Kathi Jo Jankowski, a research ecologist with the U.S. Geological Survey, spoke on the June report released by the USGS and Upper Mississippi River Restoration Program on ecological trends in the Mississippi River (WJ, July 12). She summarized its key findings briefly: the Upper Mississippi and Illinois rivers have more water, more of the time; floodplain forest loss has occurred across most of the system; nitrogen and phosphorus nutrient concentration are still high, but the latter have declined, along with suspended solids; the water of both rivers has become clearer; and plants are more abundant. 

Global Food Trends

The September 15 breakfast plenary meeting featured a keynote talk by Sarah Menker, a former Wall Street energy trader who left Wall Street to found Gro Intelligence eight years ago. Gro Intelligence has created an engine that aggregates publicly available data from around the world, updates it daily and interprets it to track trends and provide analyses to public and private clients around the world. In “de-siloing” data from many sources and making it connect and talk across a common platform, Gro Intelligence is doing what many governments would like to do but mostly have not, for many reasons. Menker called it “data from our earth to our markets,” and she said the system had generated 2 million separate models so far. Gro Intelligence’s clients are corporate, including food and energy companies; hedge funds and financial institutions looking to monitor risk; and public sector agencies around the world. 

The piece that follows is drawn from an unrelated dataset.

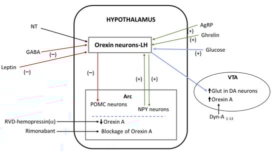 In this regard, it was reported that orexins A and B, synthesized by neurons of the lateral hypothalamus, activate NPY/AgRP neurons located in the hypothalamic arcuate nucleus and that this projection is reciprocal [3,5]. Simultaneously, orexins inhibit POMC/CART neurons [1]. The orexigenic effects of orexins are mainly mediated by NPY/AgRP neurons of the arcuate nucleus [2]. Orexins stimulate food intake and NPY expression (but not AgRP) in the arcuate nucleus when administered centrally, and their production is influenced by the nutritional state of the animal and respond to feeding status [1,2,6]; thus, the hypothalamic expression of the orexin precursor is increased during fasting [2,7,8]. Orexinergic neurons perceive rapidly the body’s nutritional status and respond to metabolic signals, such as leptin and ghrelin levels or peripheral blood glucose, since orexin neurons are glucose-sensitive neurons excited by reduced blood glucose levels. Thus, orexin neurons can translate energy status into neural signals [1]; acting on this hypothalamic circuit, they can exert homeostatic regulation [8,9,10]. In addition, due to their extensive extrahypothalamic projections mainly to the limbic system, forebrain, and midbrain, orexins are involved in the regulation of complex behaviors that regulate food consumption, including motivation [7,8,11]. The participation of orexins in the stimulation of excessive intake of palatable sweet and fatty foods suggests that these peptides could also promote non-homeostatic dysregulated food intake [8,9,11].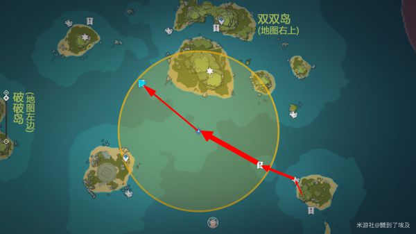 在找完第二处的半截船之后,地图上会显示一个追踪的任务区域(黄色的大圆圈),大家先不要直接去圆圈的中心,当前任务一共需要寻找3处“船上运送的东西”,圆圈的西北角、圆圈的中心、圆圈的东南角各一处。前两次的寻找结果必定是“什么都没有”(前两次寻找的地方没有东西),最后一次找到的才有宝箱。

Menker noted that since the beginning of COVID, the world has seen a steady rise in the prices of all agricultural commodities. Russia’s invasion of Ukraine and the severe drought this summer were extra layers on the production crisis. Gro Intelligence has a U.S. food price index tool that looks at a typical “grocery basket” of foods across all sectors (grains, vegetables, proteins etc.) that excludes energy as a component. It also has produced a global drought index, the only one available. Menker said 30 percent of the entire northern hemisphere is in drought this summer. 

Gro Intelligence is also using its data to look at natural gas prices to figure out the effects on fertilizer production and prices, and therefore on crop yields. Natural gas is a key feedstock of nitrogen fertilizer. Thanks to Russia’s actions, it now costs $2,800 a ton to produce fertilizer within the European Union—leading to the shutdown of most fertilizer production there, as this cost makes it uneconomic to produce. Menker revealed that the outlook for fertilizer availability is now worse than the worst-case scenarios produced by Gro Intelligence last month. 

Structural changes in food demand from China are adding demand shocks to supply shocks. During the COVID shutdown, China became a net grain importer, and Gro Intelligence’s models foresee an increase in Chinese demand of about 15 million tons of corn and beans a year. 

Gro Intelligence also built a series of Climate Risk Navigators that can aggregate data to zoom in on particular assets to determine their degree of climate risk. Originally developed to track farmland across the globe, it can be applied to other assets. Menker showed how it can apply to bridges across the Mississippi River, comparing trend data on average rainfall with the degree of bridge vulnerability to breakdown to arrive at a climate risk assessment for each bridge and region.